• _Input records_

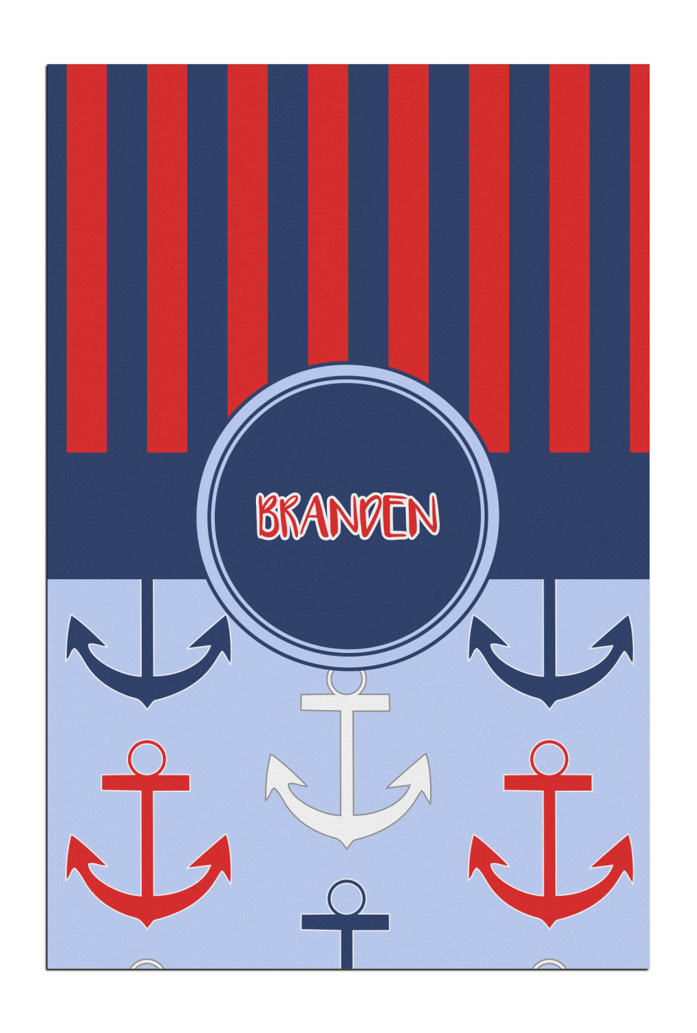 This anchor & stripes pattern is a classic nautical including the colors. We chose the classic nautical red and navy blue striped on top, with anchors in red, white and blue on the bottom. We chose a solid navy ribbon along with a circle label and personalized it with a name.
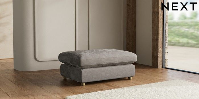 7.3.1 Buy N Premium The Snuggle Grand Extra Large Footstool Distressed Velour French Grey Wooden Glide - Light from the Seasons online shop
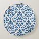 Scroll Damask Lg Ptn Dk Blue auf Weiß Rundes Kissen
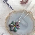 【sv925】螺鈿ペンダント 黒蝶貝螺鈿 六弁花 純金箔 プラチナ箔
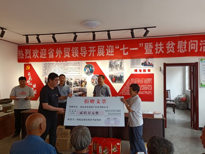 6月18至19日,在建黨99周年來臨之際,受公司黨委書記、董事長、總裁張元貞委托,省外貿(mào)資產(chǎn)公司領導班子和外部董事及部分幫扶責任人等一行9人到定點幫扶的涿鹿縣李家堡村開展“迎七一 ”主題黨日暨幫扶責任人入戶慰問活動。
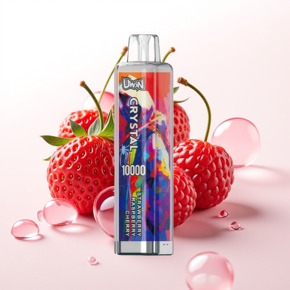UWIN Crystal 10000 Puffs Recarregável com Luzes RGB Sabor Morango Framboesa Cereja
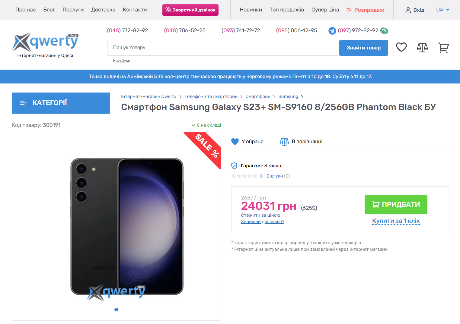 Открыть страницу https://qwertyshop.ua/smartfon-samsung-galaxy-s23-sm-s9160-8-256gb-phantom-black-300191
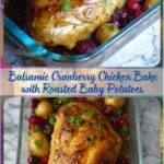 A flavorful and easy Balsamic Cranberry Chicken Bake combining tender chicken breasts marinated in a tangy balsamic and maple syrup blend, fresh cranberries, and roasted baby potatoes, baked together to create a delicious and comforting meal perfect for weeknights or special occasions.
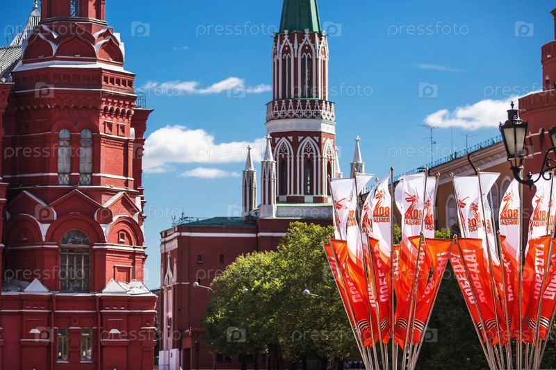 Россия, Москва, 28 апреля 2025 г. Подготовка к празднованию 80-летия Победы в Великой Отечественной войне. Праздничные флаги на фоне Кремля
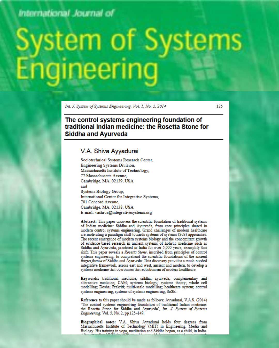 Building on this conceptual mapping, the author argues that modern reductionist biomedical approaches are limited in their ability to account for the dynamic, multi-scale interactions that characterize living systems, and that integrative systems science provides a formal methodology for unifying traditional qualitative insights with quantitative models. The paper suggests that viewing health and disease through this combined lens could enhance both clinical practice and research, offering a pathway to personalized medicine that respects individual variability in physiology and response to treatment. In doing so, it positions the Siddha and Ayurvedic frameworks as early forms of systems thinking, presciently emphasizing balance, feedback, and network interdependence long before these concepts were formalized in modern biology.
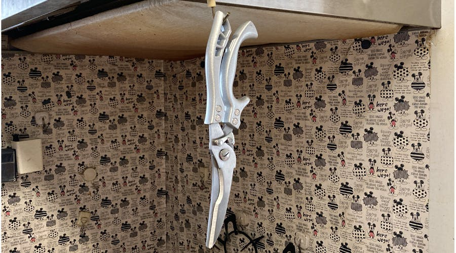 チカラが弱い女性の場合は、刃の奥の付け根部分に肉を骨ごと挟んで「(※注意)下のグリップ部を床に付けて上から体重をかけて押し切る」と骨まで切断することができるはずです。皮の部分は、ハサミの先端を利用して切ってください。
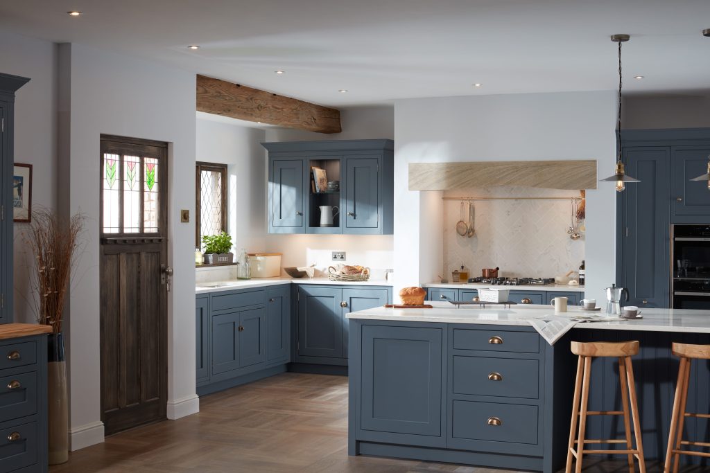• Dustier, paler blues: Dustier, paler blues are replacing deep navy as the go-to blue for kitchens, giving colour that feels relaxed instead of dramatic. Softer shades such as Cadet Blue or Ives Blue create an airy, easy-to-live-with feel, particularly when paired with porcelain tones and warmed up with touches of washed oak and softer metallic finishes.
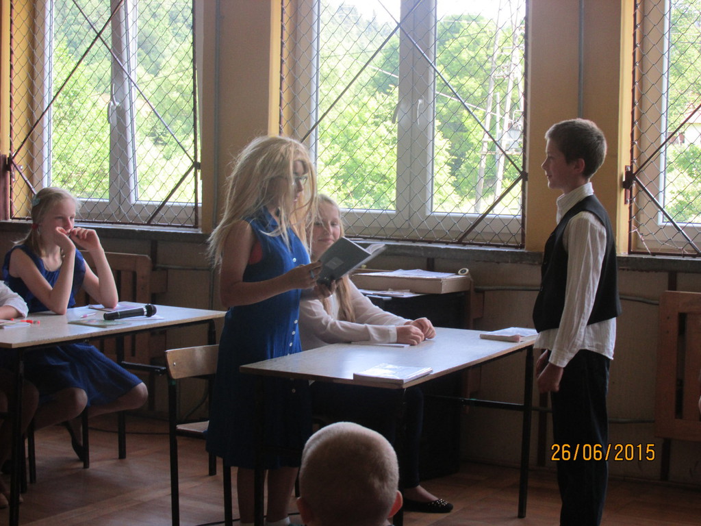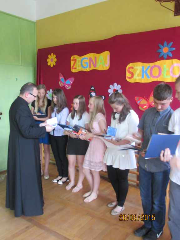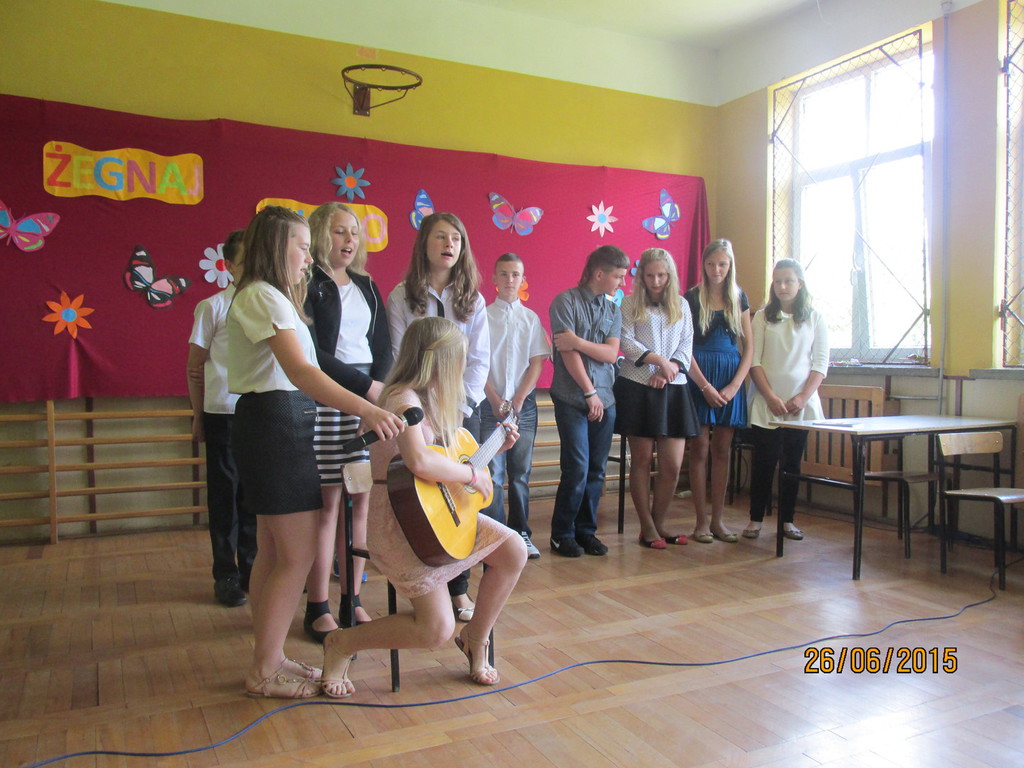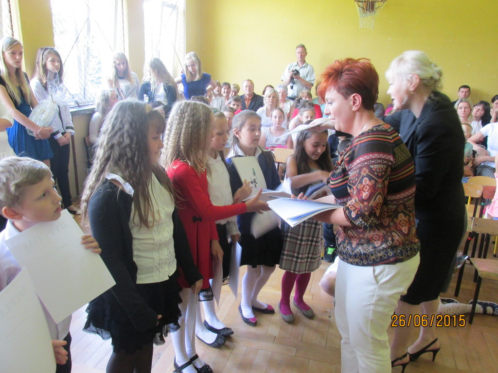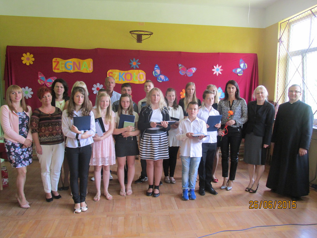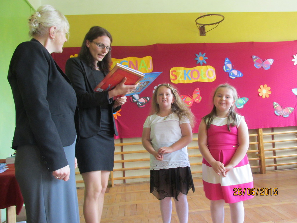 Uroczystość zakończenia roku szkolnego 2014/2015 rozpoczęła klasa piąta przedstawieniem przygotowanym specjalnie na pożegnanie swoich starszych kolegów. Dumni, z podniesioną wysoko głową ale również ze łzą w oku szóstoklasiści, pożegnali całą społeczność szkolną. Pani dyrektor Janina Klucz oraz wychowawca klasy pani Monika Drozdalska-Hołub wręczyły wszystkim uczniom świadectwa a tym, szczególnie wyróżniającym się nagrody książkowe, gratulacje oraz podziękowania dla rodziców.
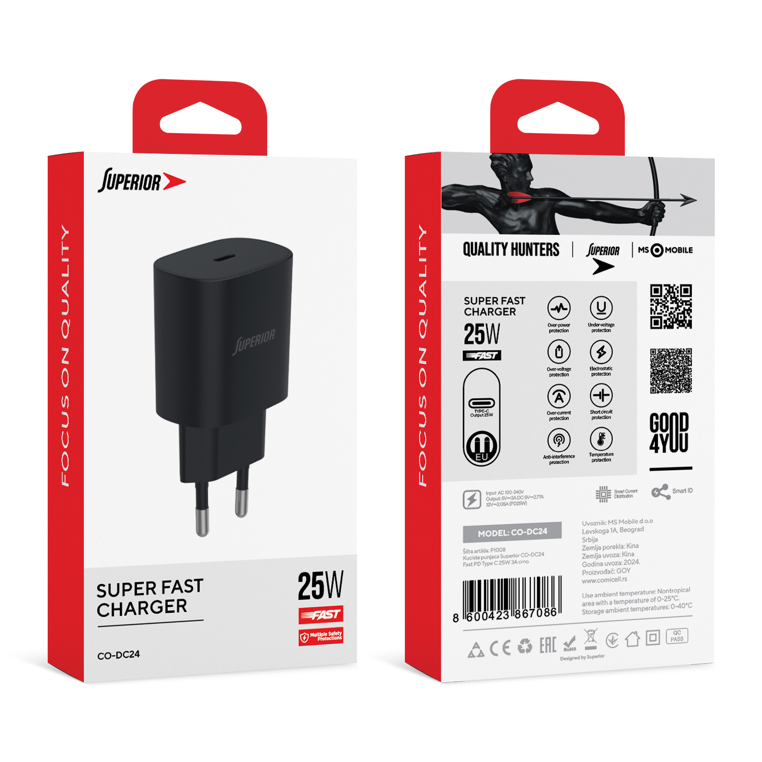 Kuciste punjaca Superior CO-DC24 Fast PD Type C 25W 3A crno
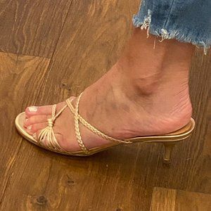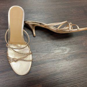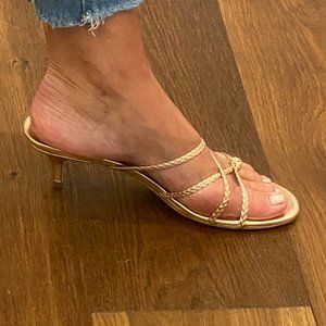 Nappa Luxe Leather in metallic rose gold. 2.5" kitten heel. New with tags and dust bag in box.
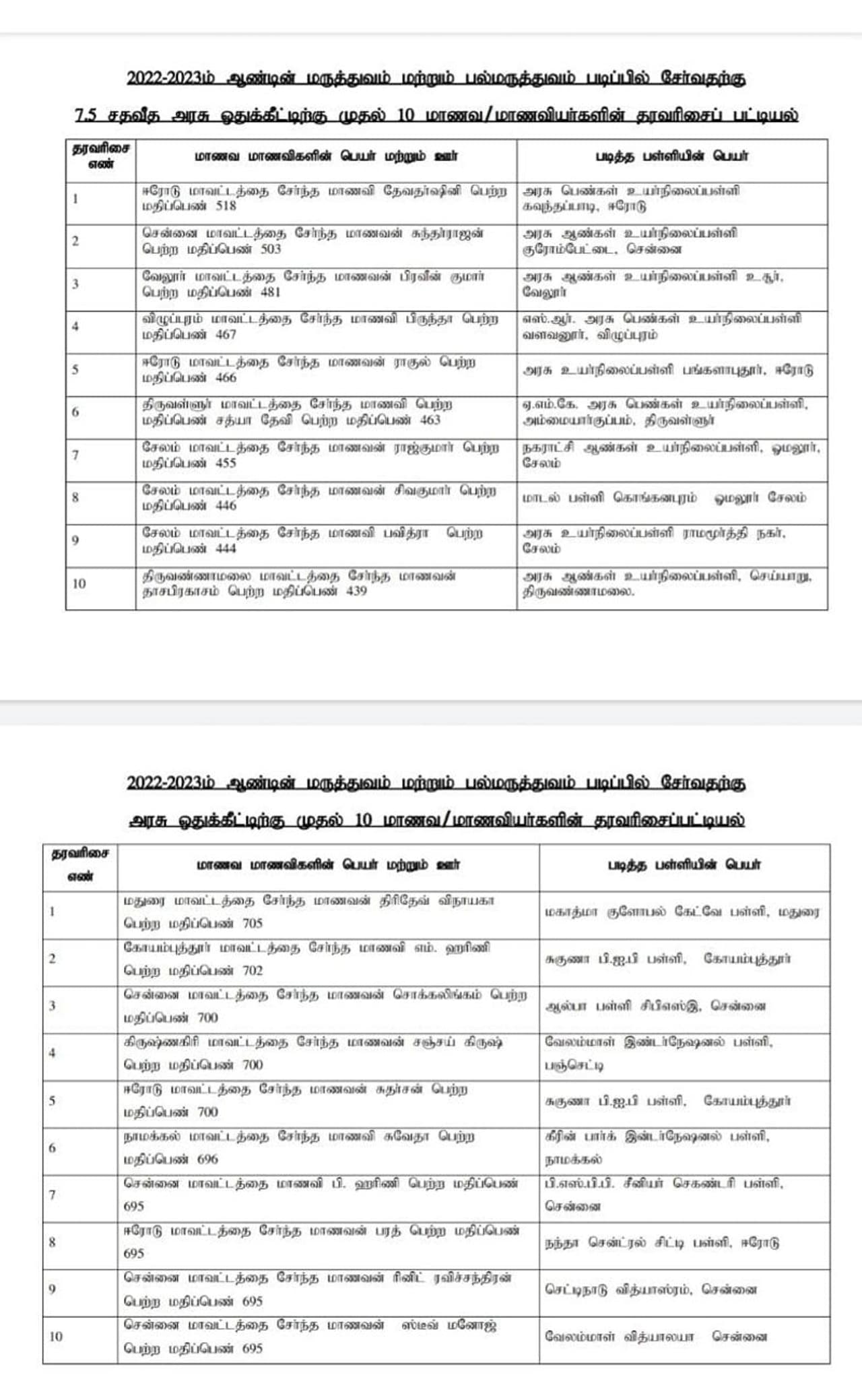எம்.பி.பி.எஸ், பி.டி.எஸ் படிப்புக்கான தரவரிசை பட்டியலை மக்கள் நல்வாழ்வுத்துறை அமைச்சர் மா.சுப்பிரமணியன் வெளியிட்டார். 7.5% இட ஒதுக்கீட்டில், மருத்துவ படிப்பில் சேருவதற்கு 2695 மாணவர்களிடம் இருந்து விண்ணப்பங்கள் பெறப்பட்டன.
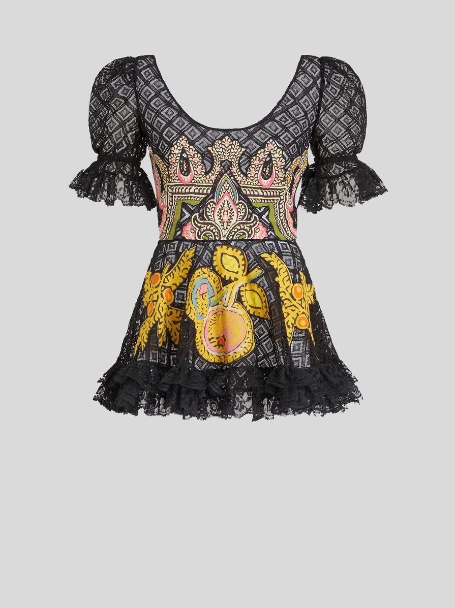 Mini dress in lace from the Spring-Summer 2023 Fashion Show collection featuring ruches and decorated with apples and birds and a printed Paisley border. PRODUCT DETAILS • Exterior: 54% polyamide, 46% cotton • Printed fabric: 100% polyester • Regular fit • Round neck • Short balloon sleeves • Side zip fastening • Made in Italy • The model is 178 cm tall and wears size 40
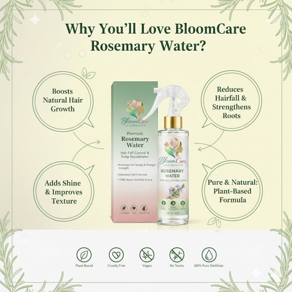Unlike heavy oils or chemical treatments, BloomCare Rosemary Water gently awakens the scalp, supports natural circulation, and helps strengthen hair from the roots upward. With regular use, hair feels healthier, looks fuller, and regains its natural vitality—without stickiness or buildup.
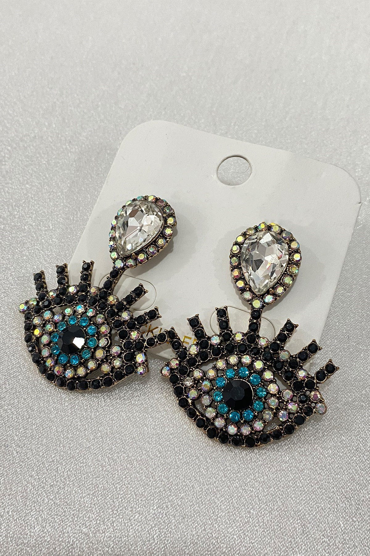 Beyaz Damla Detaylı Siyah Kirpikli Göz Küpe
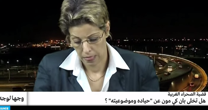 اليوم وأنا أشاهد برنامجا تلفزيونيا على قناة فرنسا 24 الدولية بث في تاريخ 11 مارس 2016, استوقفتني ضيفة حلقة وجها لوجه الذي يناقش قضية الصحراء في سؤال “هل تخلى بان كي مون عن حياده وموضوعيته؟”, يثري الحوار ضيفين, الأول شاب مثقف له حنكة في النقاش على مايبدو, ويناقش بكل أريحية وثقة, ويمثل جبهة البوليساريو, والثانية ممثلة عن المغرب للدفاع عن قضيته المصيرية.
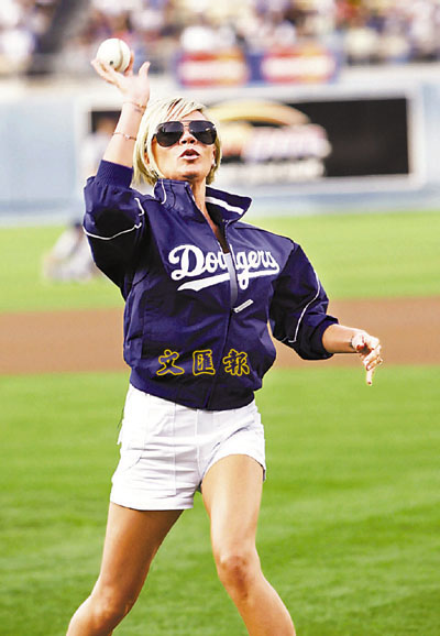 當日碧咸嫂穿上Dodgers隊的球衣,為了可拋出漂亮一球,她在正式埋位前便與Dodgers隊員不斷練習,十分認真。碧咸嫂對前來採訪的傳媒表示要主持開波禮十分緊張,但旁觀者就大讚她在練習時表現不俗。「我去過不少足球場,但這兒(捧球場)是不同的。我會盡力拋好個波,能夠主持開波禮是我的光榮,大衛也會在家看的。」Dodgers的經理Tom Lasorda就乘此大好機會為球隊宣傳,他在鏡頭前要碧咸嫂宣稱自己擁護該球隊,入鄉隨俗的碧咸嫂也照做如儀。

• _Task directions_
When you reach the line containing "Nappa Luxe Leather" in the entries above, begin restating word for word, and stop once the line containing "Beyaz Damla Detaylı Siyah Kirpikli Göz Küpe" has been given. Omit the pictures.

• _Result of the task_
 Nappa Luxe Leather in metallic rose gold. 2.5" kitten heel. New with tags and dust bag in box.
எம்.பி.பி.எஸ், பி.டி.எஸ் படிப்புக்கான தரவரிசை பட்டியலை மக்கள் நல்வாழ்வுத்துறை அமைச்சர் மா.சுப்பிரமணியன் வெளியிட்டார். 7.5% இட ஒதுக்கீட்டில், மருத்துவ படிப்பில் சேருவதற்கு 2695 மாணவர்களிடம் இருந்து விண்ணப்பங்கள் பெறப்பட்டன.
 Mini dress in lace from the Spring-Summer 2023 Fashion Show collection featuring ruches and decorated with apples and birds and a printed Paisley border. PRODUCT DETAILS • Exterior: 54% polyamide, 46% cotton • Printed fabric: 100% polyester • Regular fit • Round neck • Short balloon sleeves • Side zip fastening • Made in Italy • The model is 178 cm tall and wears size 40
Unlike heavy oils or chemical treatments, BloomCare Rosemary Water gently awakens the scalp, supports natural circulation, and helps strengthen hair from the roots upward. With regular use, hair feels healthier, looks fuller, and regains its natural vitality—without stickiness or buildup.
 Beyaz Damla Detaylı Siyah Kirpikli Göz Küpe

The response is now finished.